An Interview with Ariel Zatarain Tumbaga, author of YAQUI INDIGENEITY: EPISTEMOLOGY, DIASPORA, AND THE CONSTRUCTION OF YOEME IDENTITY

Photograph of Dr. Tumbaga by Bella Jeanne Photography

Born in Sonora, Mexico, Ariel Zatarain Tumbaga is a scholar of Mexican and Chicana/o Indigenous literature and culture. He has a PhD in Hispanic Languages and Literatures from the University of California Los Angeles. His book Yaqui Indigeneity: Epistemology, Diaspora, and the Construction of Yoeme Identity was published by the University of Arizona Press in March of 2018.

Ed Battistella: Congratulations on your book. Can you tell our readers a bit about it? What fascinates you about Yoeme Identity and the trope of the Yaqui warrior?

Ariel Zatarain Tumbaga: Thank you Ed. Yaqui Indigeneity: Epistemology, Diaspora, and the Construction of Yoeme Identity is a study of the representation of the Yoeme (or Yaqui) indigenous nation in Mexican and Chicana/o (Mexican American) literatures. In it, I study Native depictions with an emphasis on Yaqui history and culture. Until now, there has not been a book length study on this community’s representation in literature, despite their historical and political importance in Mexico, and their presence in the United States. Yaqui Indigeneity is also unique in that it looks to Yoeme history, cosmology, and traditional ceremonies (oral tradition known as etehoi and dance) as a basis for its literary analysis. Finally, it identifies a group of authors that I call Chicana/o-Yaqui writers, who are the sons and daughters of the Yoeme diaspora, often a direct result of Mexican Wars of Extermination perpetrated by federal and Sonoran state authorities. Yaqui Indigeneity works to retrieve an indigenous voice to nonindigenous portrayals of the Yoeme community.
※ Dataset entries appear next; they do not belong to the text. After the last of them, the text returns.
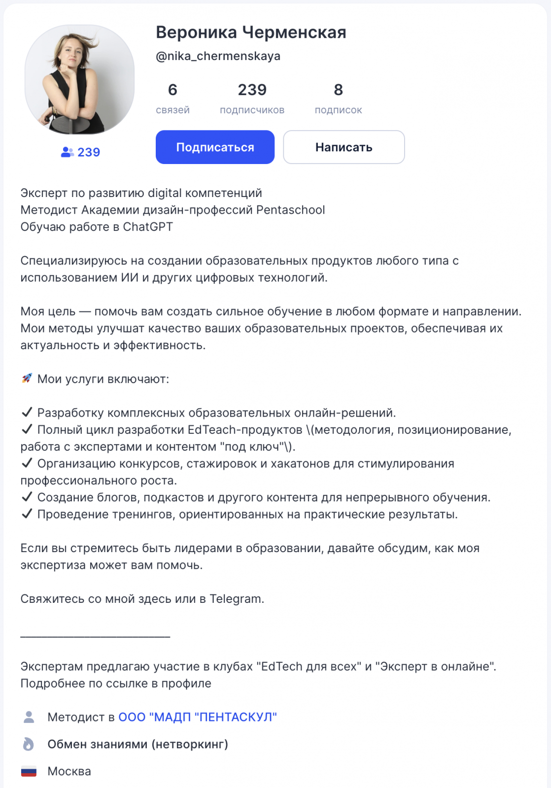 Помните, сейчас онлайн-школы смотрят соцсети экспертов, независимо от канала, через который его нашли или он сам связался с компаний. Это обычная процедура, которая позволяет понять, подходите ли вы со специалистом друг другу, удастся ли вам найти общий язык. Поэтому тем, кто хотел бы сотрудничать с EdTech-компаниями, стоит оформить хотя бы одну профессиональную страницу, которую можно будет предоставить специалистам для подтверждения экспертности.
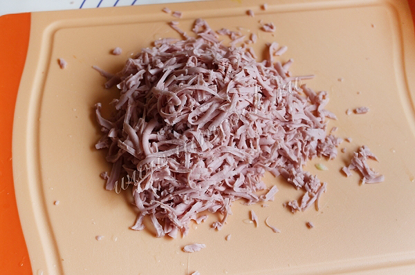 Колбасу тоже надо натереть на терке, лучше взять молочную без жира.
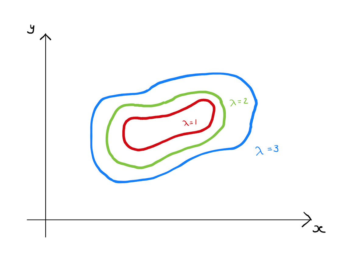 Observe that as \(\lambda\) increases linearly from \(0\), so does the radius of the level curve.
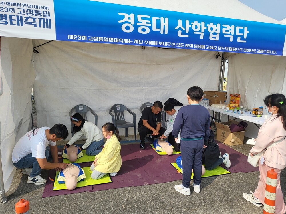 경동대가 ‘고성군 통일명태축제’에 부스를 설치하고 방문자 대상 봉사활동을 하고 있다. 사진=경동대 제공 |
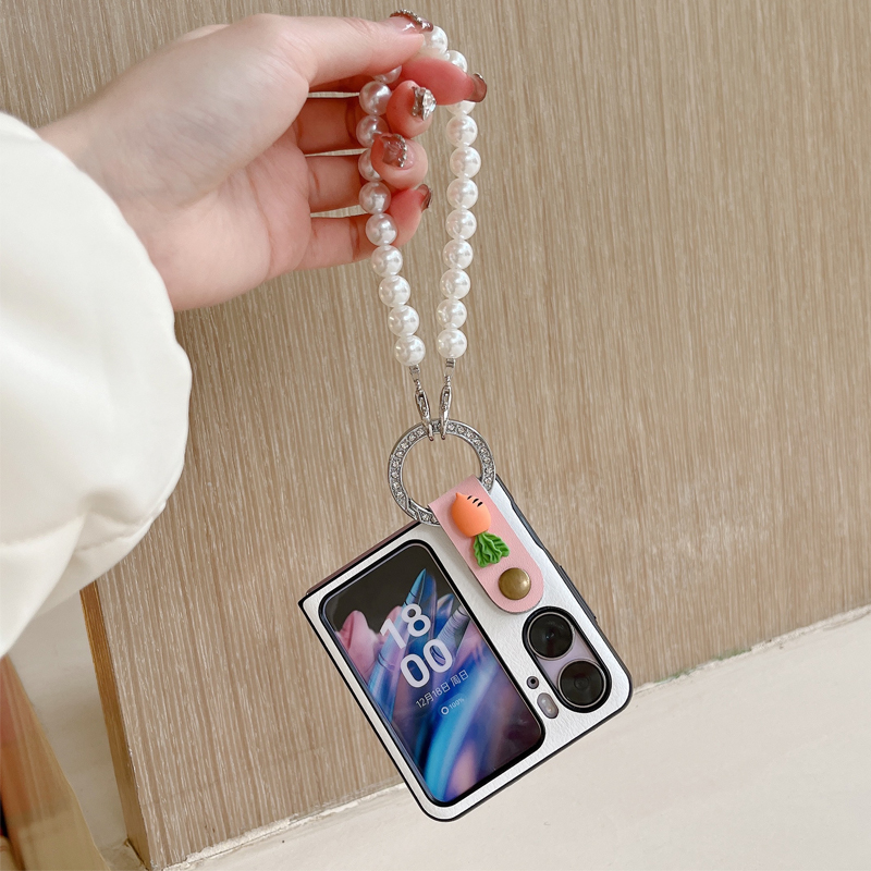 oppofindn2flip手機殼女新款個性奢華分體菱格純色適用于oppon2flip折疊屏保護殼珍珠鏈可斜跨防摔全包保護套
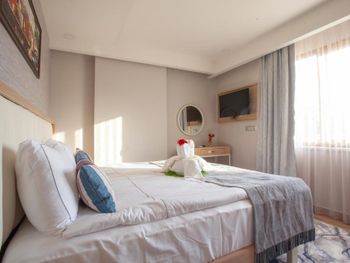 Сәлеметсіздер ма? Осы қонақ үйде 3 күн болдық. Орналасқан орны өте керемет. Ыссы су, сүлгілері, шағын бөлмесі жақсы жасалған. Күнде келіп тазалап, су қойып, шәй толықтырып кетеді. Levent бізді қонақ үйде күтіп алып барлық сұрақтарымызға жауап беріп жақсы қызмет атқарды. Тегін бассейні бар, қаласаңыз спа қосуғада болады. Қаланың қалаған точкасына қиналмай автобупен де таксименде жетуіңізге болады. Турмен қыдырамын десеңіз ол да бар.
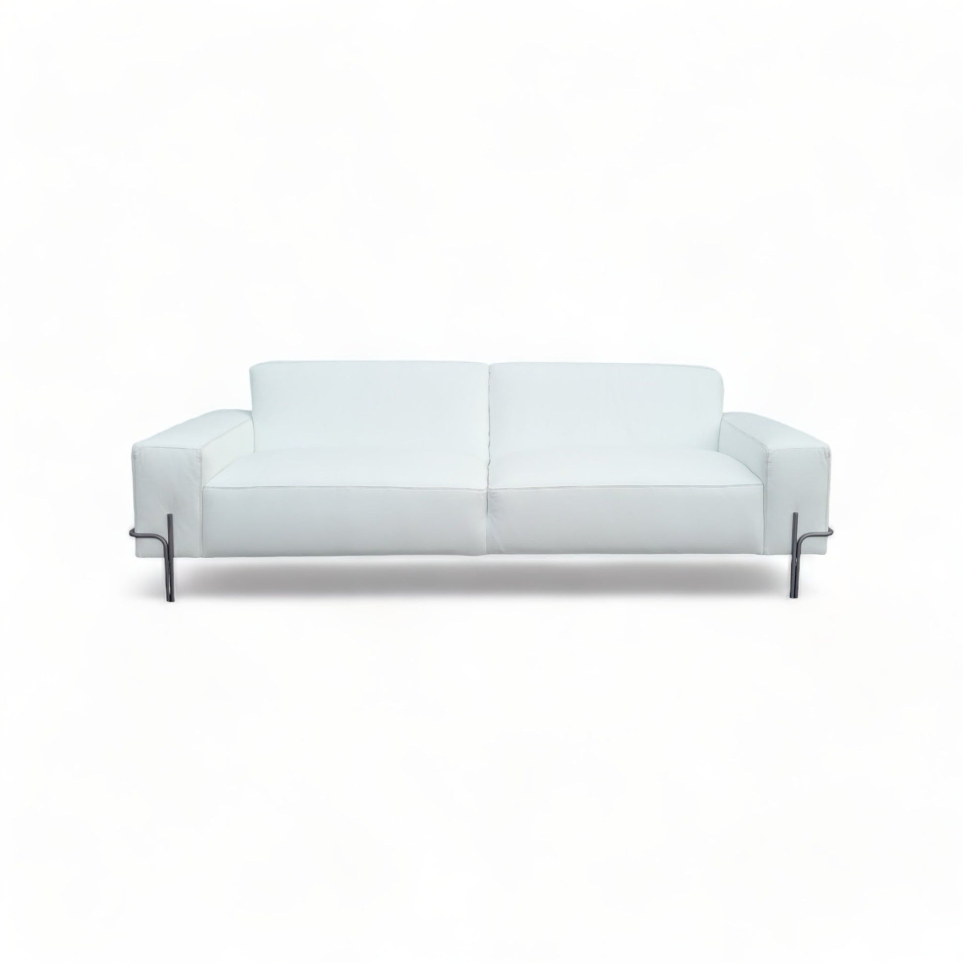 Le canapé en cuir blanc Anis offre un design élégant et moderne pour le salon. Ses lignes épurées et sa grande assise, entièrement recouverte de cuir blanc, lui confèrent un style unique. Sa structure repose sur des pieds en métal finition graphite.
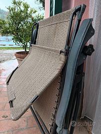 Vendo sdraio con schienale reclinabile e comodo appoggio per le gambe. Ha inoltre il tettino parasole che è molto utile in estate per i sonnellini all’aperto.
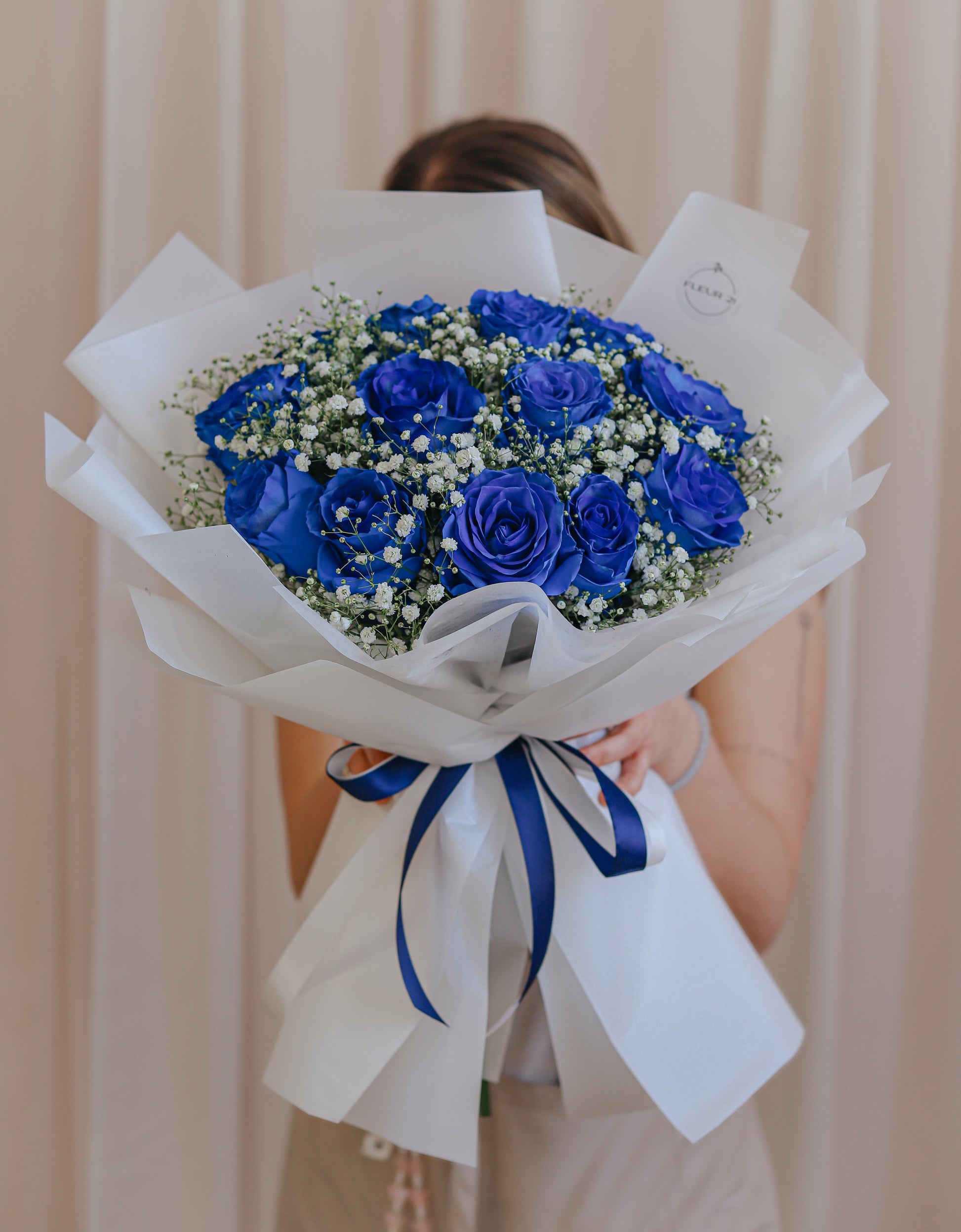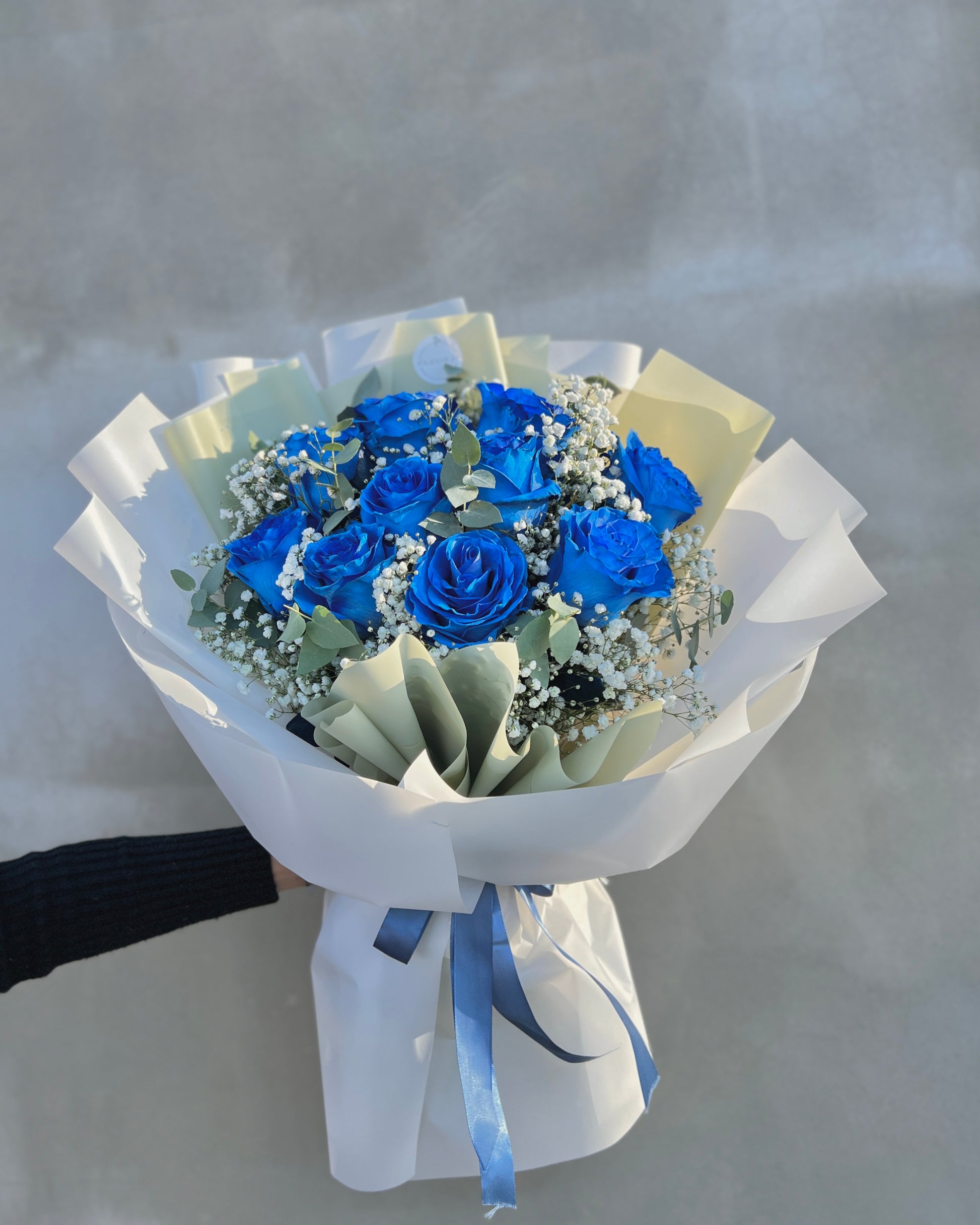 Modré ekvádorské růže s eucalyptem a gypsophilou.
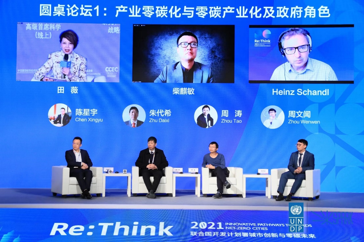 在“產業零碳化與零碳產業化及政府角色”圓桌論壇環節,陳總與達科特董事長兼總經理朱代希 ,新經濟發展研究院iNED執行院長周濤,阿里云能耗云總經理周文聞,澳大利亞聯合科學與工程研究組織高級首席科學家Heinz Schandl,生態環境部國家應對氣候變化戰略研究和國際合作中心戰略規劃部主任柴麒敏,圍繞政府在減碳和推動綠色技術規模化方面發揮的作用、城市尤其是高新區如何支持私營企業在節能減排和加速低碳轉型方面發揮作用,進行了深入探討。
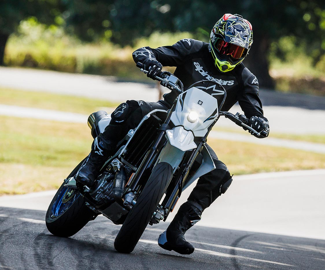 Minimalistic and sleek, styling visually confirms that the DR-Z4SM is an extremely capable on-track motorcycle. Riders can choose the Solid Special White No. 2 bodywork or Sky Gray plastics that blend well with the many blacked-out chassis components.
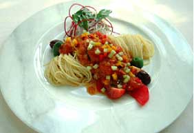 2 フライパンにオリーブオイル大さじ1を入れ、弱火でニンニクのみじん切りを炒め、きつね色になったら、(1)のトマトを入れ、10分ほど煮こんで、塩・コショウで味を整える。これを温かいパスタにからめて温製でもOK。冷製の場合は、塩・コショウを強めにして、冷蔵庫で冷やしておく。 |
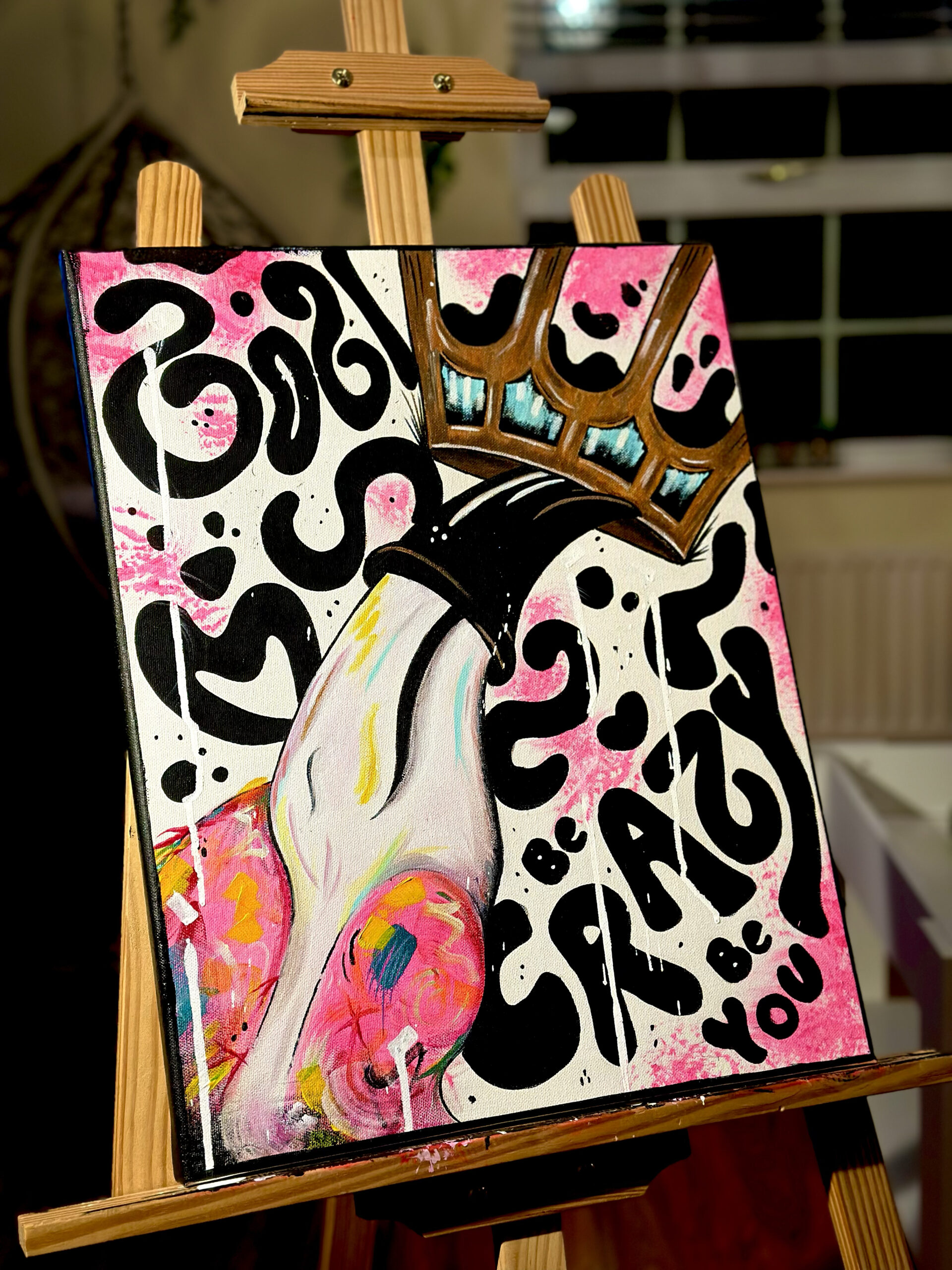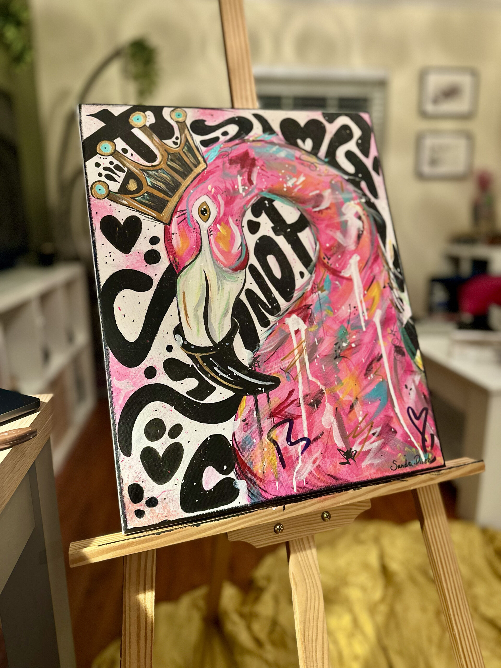“Flamingo Attitude” is a vibrant series of three expressive paintings that blend color, movement, and bold typography to celebrate individuality and creative freedom. Each flamingo becomes a symbol of self-expression — unapologetic, confident, and full of attitude. Through spontaneous brushstrokes, layered textures, and a mix of graffiti-inspired elements, this collection reflects my artistic philosophy: embrace imperfection, celebrate authenticity, and dare to stand out.

What I found fascinating about the Yaqui warrior trope is the polysemy with which it has existed since the 1500s. Like other scholars, I was taken aback by the varying ways a Native nation’s assertion of its territorial tenure became, one the one hand, a subject of admiration by would-be conquerors, and on the other hand, justification for the dehumanization and violence colonial Spaniards, as well as 19th and 20th Mexican regimes, used in land grabbing efforts. Even today, Sonoran Mexicans will brag about the fierceness of their indigenous “ancestors,” while simultaneously considering it offensive to be called an indio. While the Yoeme people have a war history, that history is seldom told by them or from their perspectives.

EB: How did you first get interested in Yaqui culture?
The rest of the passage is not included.